The @ operator is a language extension provided primarily to aid communication between C and non-C programs.

In C, the normal argument-passing convention is to use call-by-value; that is, the value of an argument is passed. The normal IBM 370 (non-C) argument-passing conventions differ from this in two ways. First, arguments are passed by reference; that is, each item in the parameter list is an argument address, not an argument value. Second, the last argument address in the list is usually flagged by setting the high-order bit, which does not change the value of the address since IBM 370 addresses are 31 bits (XA) or 24 bits (non-XA).

A simplistic approach to the problem of call-by-reference is to precede each function argument by the ampersand ( & ) operator, thereby passing the argument address rather than its value. For example, you can write asmcode(&x) rather than asmcode(x) . This approach is not generally applicable because it is frequently necessary to pass constants or computed expressions, which are not valid operands of the address-of operator. The compiler provides an option to solve this problem.

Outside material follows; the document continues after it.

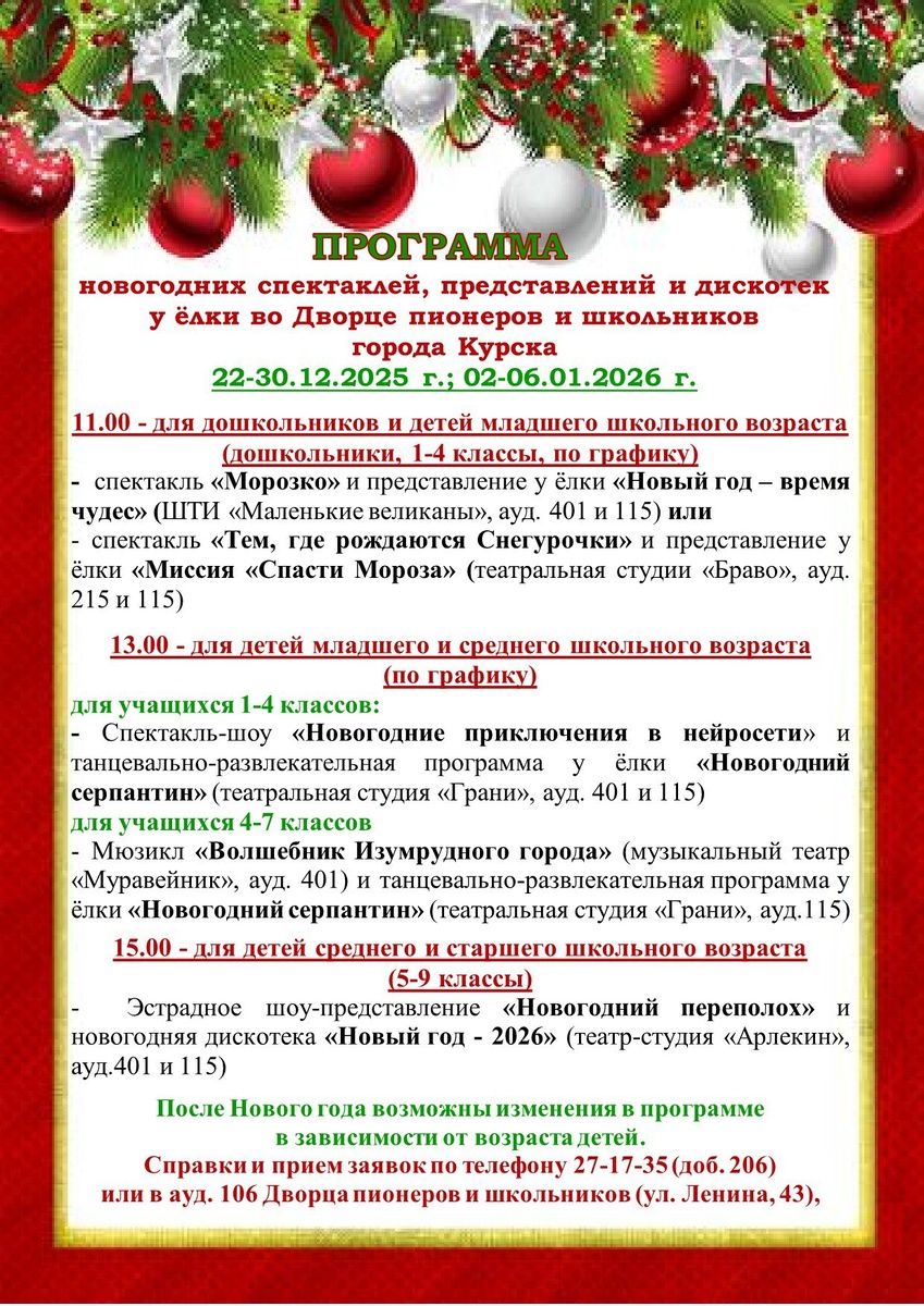 ПРОГРАММА новогодних спектаклей, представлений и дискотек у ёлки во Дворце пионеров и школьников города Курска 22-30.12.2025 г

When the compiler option AT is specified, the at sign ( @ ) is treated as a new operator. The @ operator can be used only in an argument to a function call. (The result of using it in any other context is undefined.) The @ operator has the same syntax as & . In situations where & can be used, @ has the same meaning as & .

In addition, @ can be used on non-lvalues such as constants and expressions. In these cases, the value of @expr is the address of a temporary storage area to which the value of @expr is copied.

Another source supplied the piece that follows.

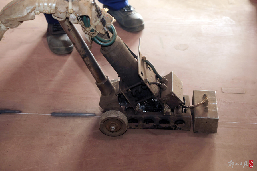 约有两成场景无法适用电磁矫平,传统火工矫平技术依然有用武之地,方卫民和班组成员持续研究改进。

One special case for the @ operator is when its argument is an array name or a string literal. In this case, @array is different from &array. While @array addresses a pointer addressing the array, &array still addresses the array.

The compiler continues to process the @ operator as in earlier releases when the @ is in the context of a function call. Use of @ is nonportable. Its use should be restricted to programs that call non-C routines using call by reference.

Nesting of #define

If the compiler option redef is specified, multiple #define statements for the same symbol can appear in a source file. When a new #define statement is encountered for a symbol, the old definition is stacked but is restored if an #undef statement for the symbol occurs. For example, if the line

#define XYZ 12

is followed later by

#define XYZ 43

the new definition takes effect, but the old one is not forgotten. Then, when the compiler encounters the following, the former definition (12) is restored:

#undef XYZ

To completely undefine XYZ, an additional #undef is required. Each #define must be matched by a corresponding #undef before the symbol is truly forgotten. Identical #define statements for a symbol (those permitted when redef is not specified) do not stack.

Preprocessor directives for listing control

The following preprocessor commands are available to control the format of the printed listing. They have no effect on any aspect of a program except the program listing and can appear anywhere in program code, except as a continuation line.

pragma can be omitted. However, omitting pragma renders a program nonportable.


Anonymous unions

An anonymous union, that is, a union with no associated identifier, can be declared in a structure. Members of anonymous unions are in the same scope as the containing structure. Here are two examples of anonymous unions:

union ANON {
   int i;
   short o[2];
} ;

static struct {
   int a;
   union ANON;
   double d;
}  ex;

static struct {
   int a;

   union {
      int i;
      short o[2];
   } ;
   double d;
}  ex;

Member o[1] of the union can be accessed by using this expression:

ex.o[1]

The members of an anonymous union are in the same name space as that of other members in the containing structure. Therefore, a member of the union cannot have the same identifier as a member of the containing structure or a member in another anonymous union in the containing structure.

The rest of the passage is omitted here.